Wozu brauchen wir eigentlich Banken?

geschrieben von Horst Völser

Geschäftsbanken, wie die Südtiroler Volksbank, die Raiffeisenkassen oder die Südtiroler Landessparkasse, werden auch Retailbanken genannt. Sie erfüllen in der Volkswirtschaft 3 grundlegende Aufgaben:

  • Sie sorgen für den Zahlungsfluss. Dies bedeutet, dass die Banken Rechnungen bezahlen, Zahlungseingänge registrieren, Bargeldabhebungen und viele andere „Zahlungsflüsse“ verwalten. Die Kosten für diese „Zahlungen“ nennen sich Gebühren und werden bei jeder Transaktion fällig.
  • Sie sammeln Geld ein und zahlen dem Sparer Zinsen; aktuell nur geringe oder gar keine. In der Regel helfen die Zinsen den Wertverlust durch die Inflation auszugleichen, wirkliche Rendite bieten Zinsen auf Geldanalgen kaum.
  • Sie vergeben Kredite an Private und Unternehmen gegen Zinszahlung.

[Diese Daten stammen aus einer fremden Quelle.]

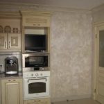 Декоративная штукатурка для отделки стен в кухне хороший выбор — она моется, длительное время сохраняет свой вид, многие пигменты не блекнут и не выгорают. Недостаток — высокая цена на материал и сложная техника нанесения, с которой справляются далеко не все «мастера». Кроме умения штукатурить тут требуется художественный вкус, а он есть далеко не у всех.

Dabei berechnen sie die Zinsen nach folgendem Grundschema:
  • Kosten des Geldeinkaufs
  • Kosten der Bearbeitung
  • Risikokosten

Dabei erhöhen in der Regel die Risikokosten die Zinsen massiv. Die Marge für „Geldeinkauf“ und Bearbeitung liegt derzeit in der Regel unter 2%, der Rest des Zinses sind Risikokosten. Hier gilt: je besser das Rating (die Bewertung) desto geringer der Zinssatz.